Reading a 25-year-old story from Education Week* the other day, I was tempted to muse that everything old isn’t new again.
Here’s how the story started:
The American public would welcome the establishment of national achievement standards and a national curriculum for public schools, according to the annual Gallup Poll on education.
It went on to say that:
• 70 percent of the respondents favored requiring local schools “to conform to national achievement standards and goals";
• 77 percent endorsed the idea of testing students to determine whether they meet those standards; and
• 69 percent voiced support for the institution of a “standardized national curriculum.”
Think about it: There we were, in 1989, with America rallying for national standards and curriculum. And here we are in 2014 with stories piling up about common-core backlash and states withdrawing from the shared standards—or the common tests—under political pressure. It seemed like a different world.
Then I went digging around in the Education Week archives for more recent polls on this topic.
Only three months ago, a pair of polls of U.S. adults found substantial support for shared standards across states. One, by the University of Connecticut, showed that seven in 10 respondents favored the idea of “one set of national education standards.” Similarly, majorities said that “expectations should be the same in all states.” Another poll, by Republican strategist John McLaughlin, showed two-thirds of respondents approving of the common core. (Another question, however, produced a response divided about equally among support, opposition and uncertainty.)
A year ago, a survey by Education Next found that two-thirds of adults surveyed supported the standards at least to some extent, although the poll results also showed growing opposition. An informal survey of science teachers in 2009 showed them craving a national curriculum.
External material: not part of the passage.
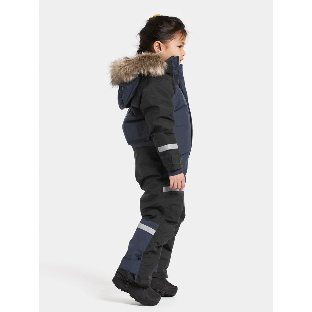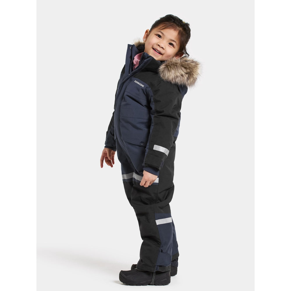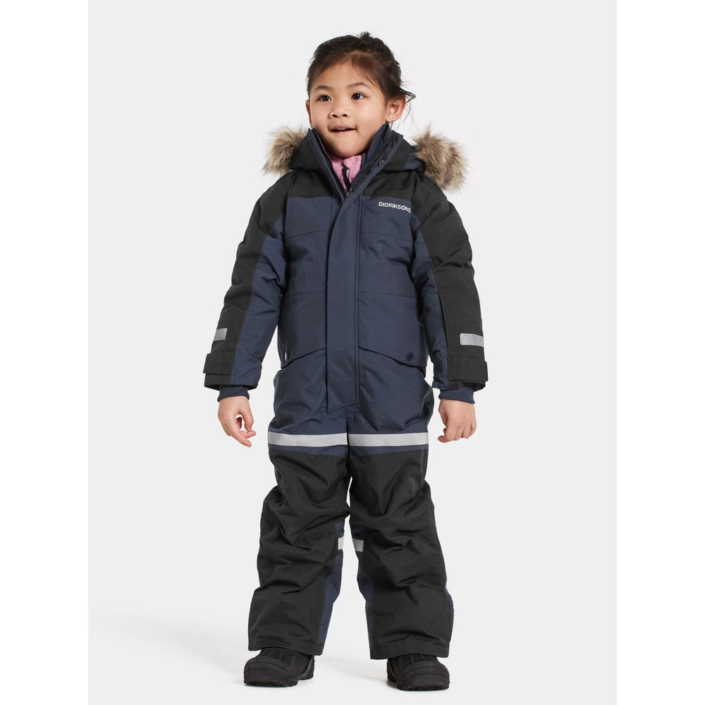Denne flyverdragt fra Didriksons er designet til at holde dit barn varmt og tørt. Den har justerbare funktioner som aftagelig hætte med syntetisk pels, samt justerbare benender med silikone fodstropper for optimal pasform. Med praktiske lommer, inklusive en løkke til reflekser og en liftpaslomme, samt reflekser for øget synlighed. Ergonomisk snit, forlængelige størrelser på ben og ærmer, samt indvendige skulderstropper, sikrer komfort og langvarig brug.

The 1989 Gallup poll that found Americans so rah-rah for common standards and curriculum reported that “a consensus appears to be building for more uniformity in public-school programs.” But it also noted that while Americans appeared to be increasingly supportive of common standards, previous polls had shown them to care deeply about local control of schools, and to be wary of federal intervention (an observation that proved prescient, to say the least).
Interestingly, too, the 1989 support for national standards drew skepticism from the country’s biggest teachers’ union. Why? Concerns about sufficient financial support to carry them out properly.
The National Education Association would “be willing to sit down and talk” with proponents of the concept, former NEA President Mary Hatwood Futrell said in our story. But she “emphasized the need for increased funds to implement such a program. ‘You can’t have uniform national standards without uniform national funding,’ ” she said.
*Thanks to Education Week librarian Holly Peele.